I first gave up motherhood many decades ago when raising two small girls as a single parent seemed overwhelming. It was a passing thought, said to kid myself out of a potentially bad mood.
Actually, I always liked children and told my new husband that I wanted an even dozen. God in His wisdom gave me two girls—and later I adopted a third. That was only the start of motherhood for me.
It seems I always had a houseful of boys and girls and seldom knew how many I would have for dinner. I never ran short of food at mealtime because I could always add a vegetable or whatever to the menu.
Because I worked full time, the rule in our house was I did the cooking so the girls had clean up duties. That is why my oldest daughter decided to learn how to cook. My second daughter and I were talking recently and agreed we did not care for tuna casserole because that was all her sister could make for many years. That was one of the pains of motherhood but, thankfully, she learned some cooking skills since then.

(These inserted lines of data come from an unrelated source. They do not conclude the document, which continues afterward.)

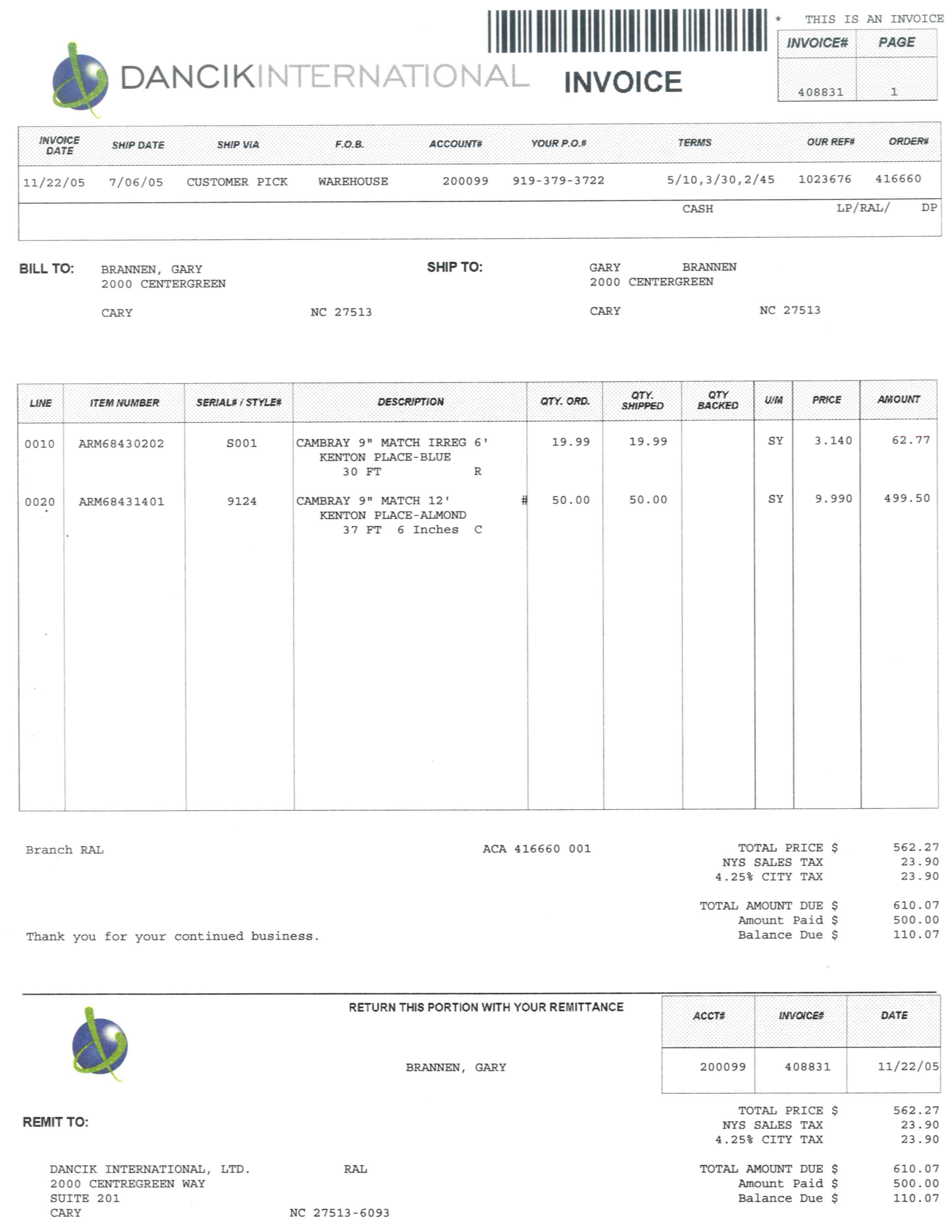 Invoice number is bar coded, enabling you to scan invoices into a document retention system.
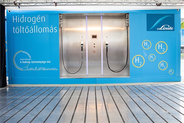 Átadták Magyarország első mobil hidrogén-töltőállomását csütörtökön Budapesten, a Linde Gáz Magyarország Zrt. telephelyén.
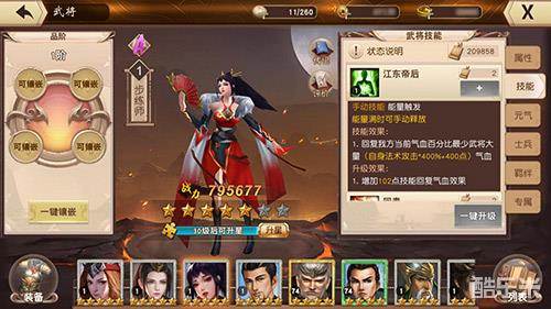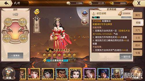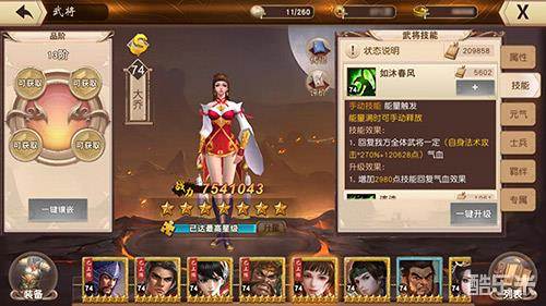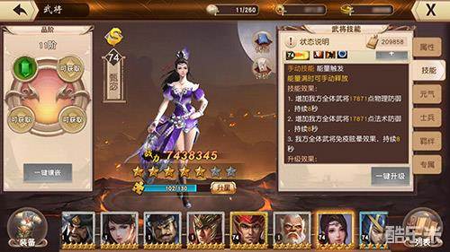 带有超强的辅助能力,全面强化我方武将物防法防,免疫眩晕的强力推手效果。
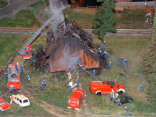 inzwischen beachtlichen Streckenlänge sind variabel kombinierbar und werden auch nicht immer - je nach Platzbedarf - alle gezeigt. Das Besondere: Im Mittelpunkt steht nicht nicht nur die Eisenbahn. Viele der Module erzählen eine kleine Begebenheit entlang der Strecke. Meine bescheidenen Fotos - sicher keinesfalls Meisterwerke,
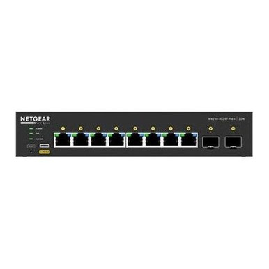 Netgear GSM4210PX M4250-8G2XF-PoE+ AV Line 8x1G PoE+ 220W and 2xSFP+ Managed Desktop Switch The NETGEAR AVLine M4250 series was designed with input from AV Professionals. The result is a line of switches built from the ground upto support 1Gb audio and video over IP with customized hardware and software along with dedicated service and support.
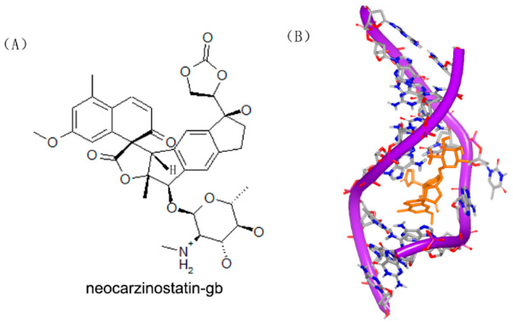 (A) Chemical structure of neocarzinostatin-gb; (B) complex of a DNA with neocarzinostatin-gb (PDB code: 1KVH); (C) chemical structure of neocarzinostatin-glu; and (D) complex of DNA with neocarzinostatin-glu (PDB code: 1MP7). The orange structure represents the small molecule; the purple structure represents the backbone of nucleic acid; the blue and red atoms in the molecule represent nitrogen and oxygen atoms, respectively.
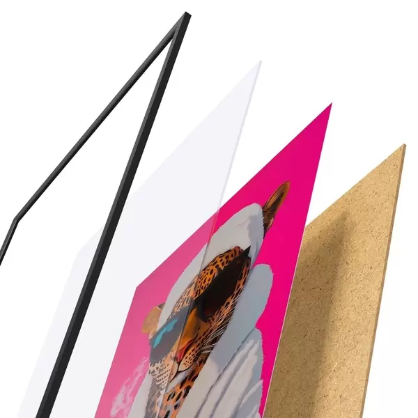 Plakāts sastāv no rāmja, pleksstikla, iespiestā attēla un skaidu plātnes pamatnes. Plakātu var uzreiz piekarināt pie sienas, pateicoties aizmugurē esošajiem stiprinājumiem.
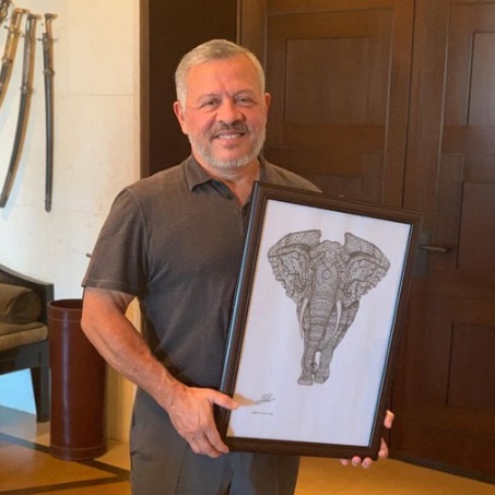 عمان1:نشر جلالة الملك عبدالله الثاني تغريدة على حسابه عبر تويتر، صورة وهو يحمل هدية عبارة عن لوحة فنية من فتاة قدمتها لجلالته.
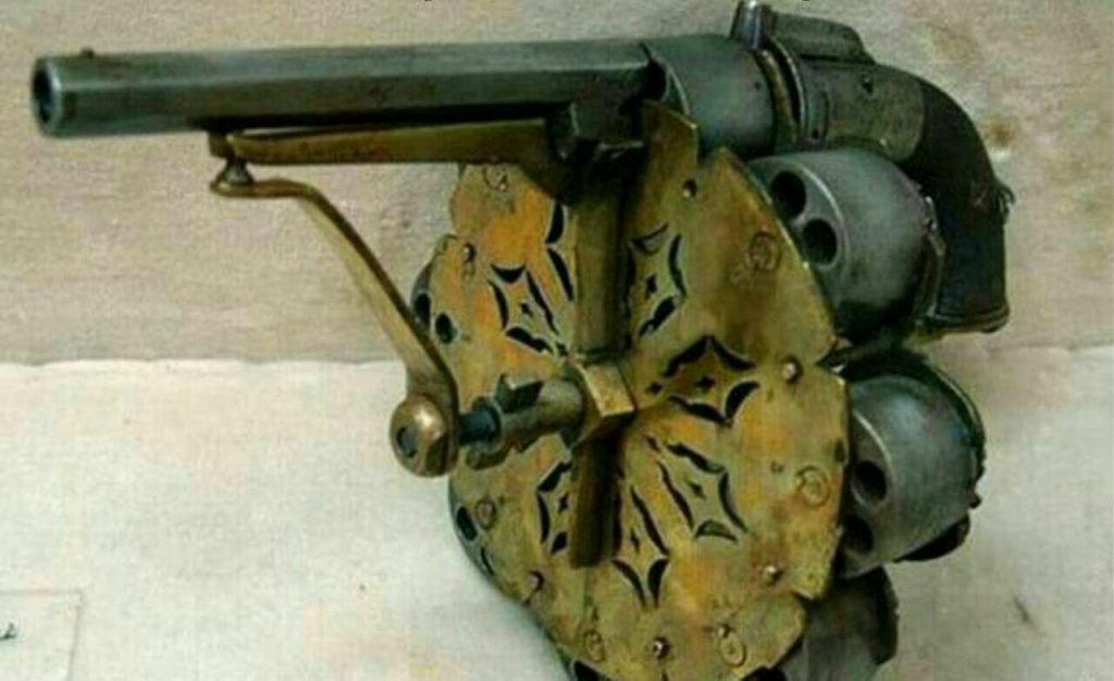 این هفت تیرعجیب و غریب، توسط جوزف انوی در سال ۱۸۵۵ ساخته شده است. سلاح مذکور ۸ سیلندر دارد که بر روی خشاب اسلحه می چرخند. هر یک از سیلندرها می توانند ۶ گلوله شلیک کنند
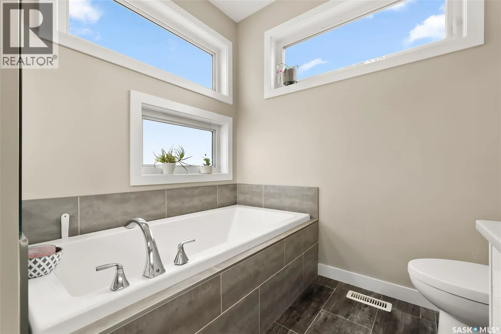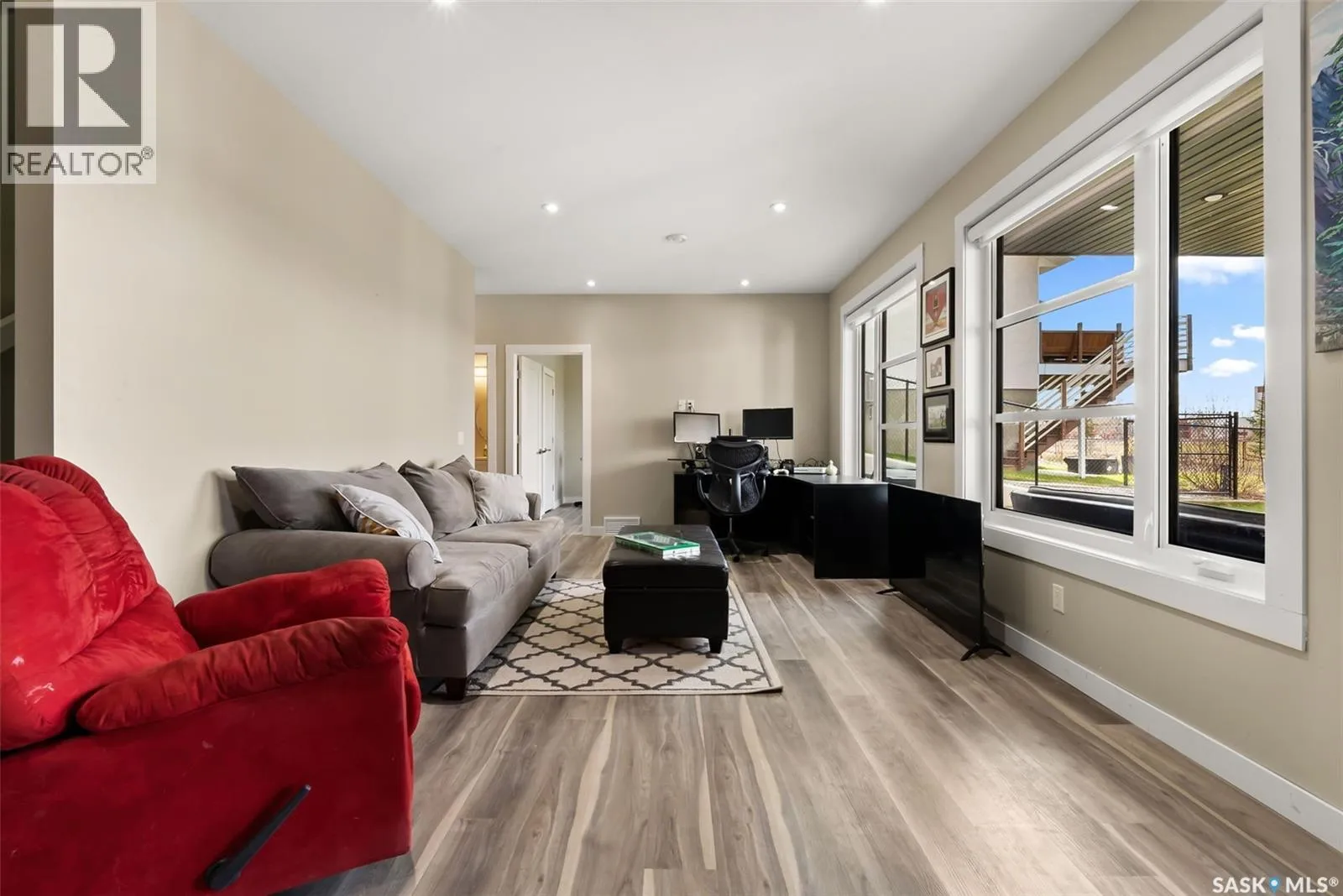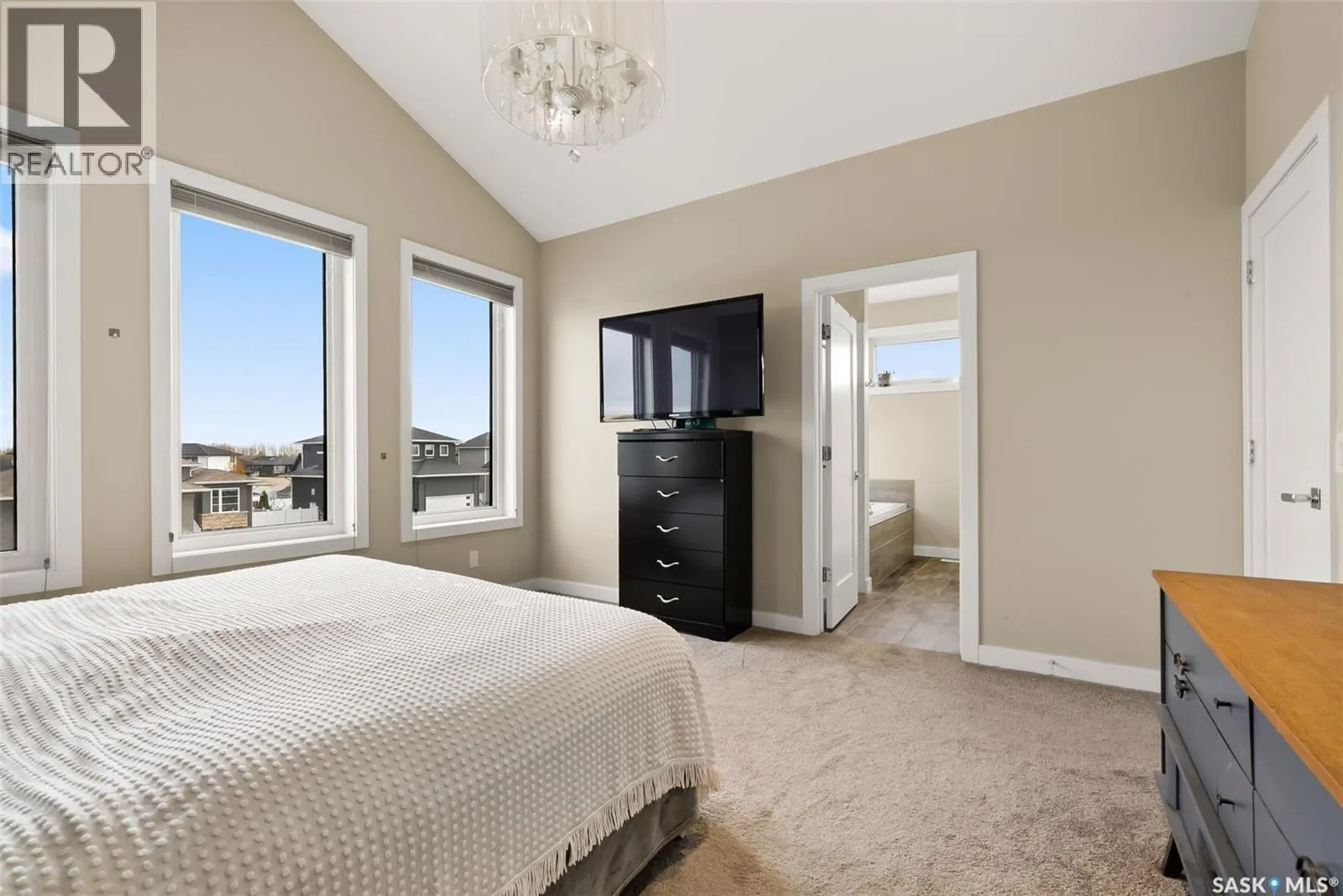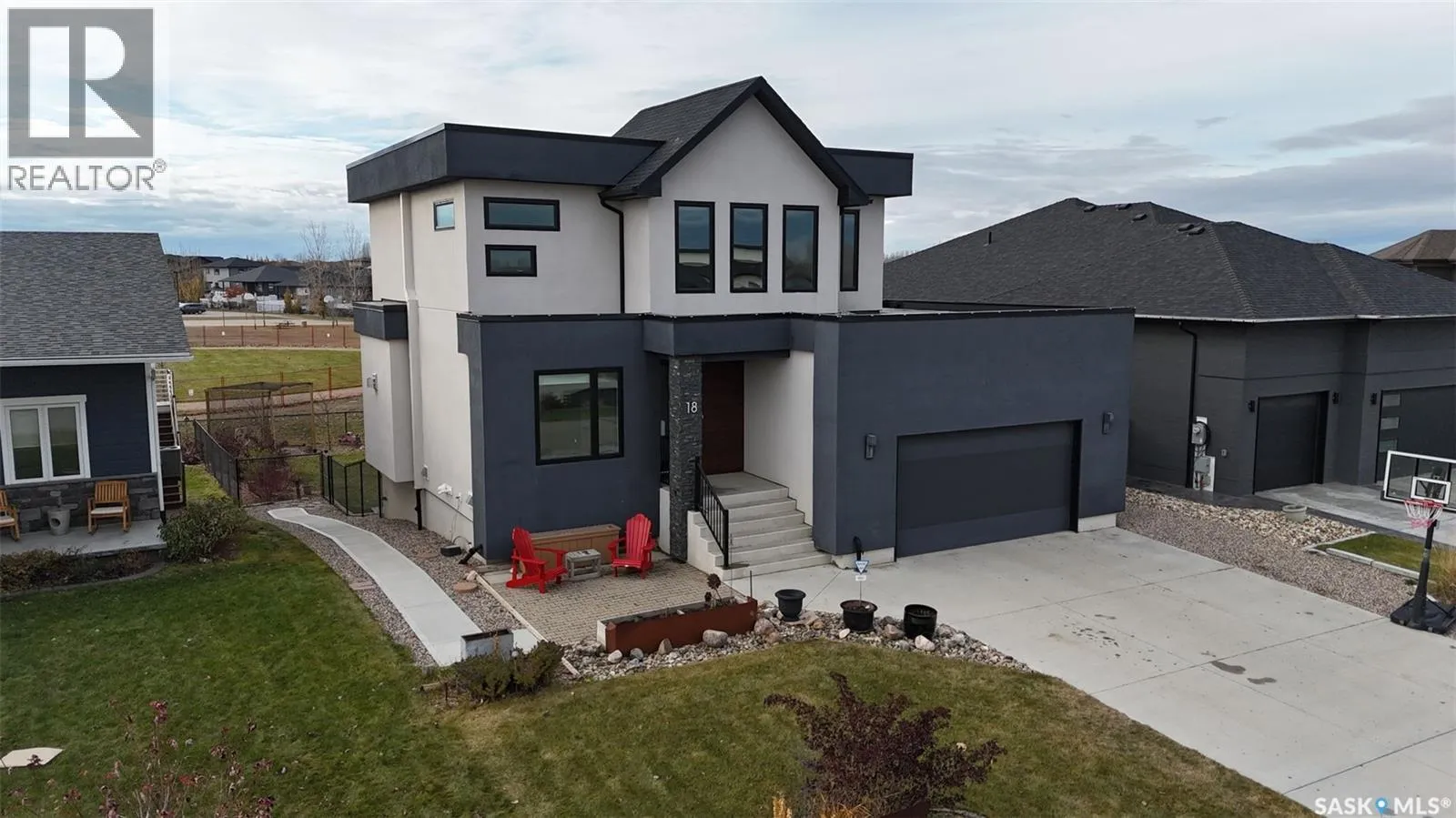 Welcome to 18 Princeton Drive, a stunning 1,840 sq. ft. Ironstone Homes built two storey walkout, proudly owned by the original owners. Ideally located in a prime area of White City, this home sits on an impressive 9,000+ sq. ft. lot backing green space and the desirable Emerald Ridge Elementary School. The southwest facing yard offers beautiful views and all day sunshine, with an upper deck and lower covered patio perfect for year round enjoyment. The main floor features 9 ft. ceilings, a bright open concept layout with a spacious living room, stylish kitchen with oversized island and pantry, and a dining area showcasing large windows overlooking the backyard. A versatile bedroom (or office), 2 pc bath, and mudroom with direct access to the 24x26 steel-beam double attached garage complete this level. Upstairs youâll find a luxurious primary suite with a walk in closet and 4 pc ensuite, two additional good sized bedrooms, a main 4 pc bath, and a convenient upper level laundry room. The walkout lower level is fully developed with a large family room featuring incredible views of the yard and green space, an additional bedroom, bathroom, and ample storage. The professionally landscaped backyard is a true retreat with trees, shrubs, and three separate patio areas for relaxing, entertaining, or stargazing around a fire. With quality finishes, modern design, and a sought after location, this beautiful family home truly has it all. (id:27476)

When my youngest daughter married, I thought I was alone at last, however, the good humor side of God demonstrated that I was not yet finished being a mother. I opened a day care. Suddenly, all the boys I prayed for when pregnant came to spend their days with me. Some were little tyrants; others were little angels—at least part of the time.
I remember one boy so well. I kept him for a lady who worked as a waitress at the local golf club. She usually worked late and sometimes worked on weekends. It didn’t matter because that little boy was “mine.” Many of our town’s residents thought he really was mine. His mother referred to me as his second mom.
One Sunday morning I took him to church. We sat in the front pew while the pastor gave his sermon. My little friend would not sit still and I put my hand on his to quiet him silently. Unfortunately, he took this as a cue to wiggle, squeeze, and talk. Again, I put my hand on his but this time I squeezed gently. After repeating this action several times under the watchful eyes of the pastor, my boy suddenly straightened his back, clasped his hands in his lap, and assumed the demeanor of a saint. Afterwards the pastor asked what I did to quiet him. Who me? I did nothing; after all I was a good mother. Finally I admitted that I squeezed my friend’s hand hard enough to let him know that he was five minutes away from disaster. He remains in my heart as one of the sweetest boys I have ever known.
Circumstances change and I took a job in a nearby city. Because motherhood is not something you can turn on and off, I missed the kids. In retrospect, I think God was giving me a necessary respite.
After a few years, unexpected heart surgery forced me into retirement. God is still laughing about that word as it applies to me. Why? Now I live near my youngest daughter who has two small boys and a girl on the way. Who babysits every day? I do, of course.
My oldest daughter told me not long ago that I am the busiest retired person she knows. I hope so. I know I miss the children when I am not there to play with them, even when they are behaving as typical two year olds. Actually, the oldest was trying my patience yesterday and by the time his mother came home, he had lost his privileges for the evening. So when she called me today and said I didn’t have to watch them because she didn’t have to work, I said that I was looking forward to it. Laughingly, she asked: “After yesterday? I thought you gave up motherhood for Lent?’
Behavior problems are part of a child’s growth and what makes us sharpen our motherhood skills, The best part of giving up motherhood for Lent—or any time your patience wears thin—is that God knows you won’t stick it out anymore that we stick to our diets or New Year’s resolutions. I hope I continue to give up motherhood for Lent for many additional years. Those words: “I love you, Grandma” and all the hugs and kisses make the temper tantrums unimportant.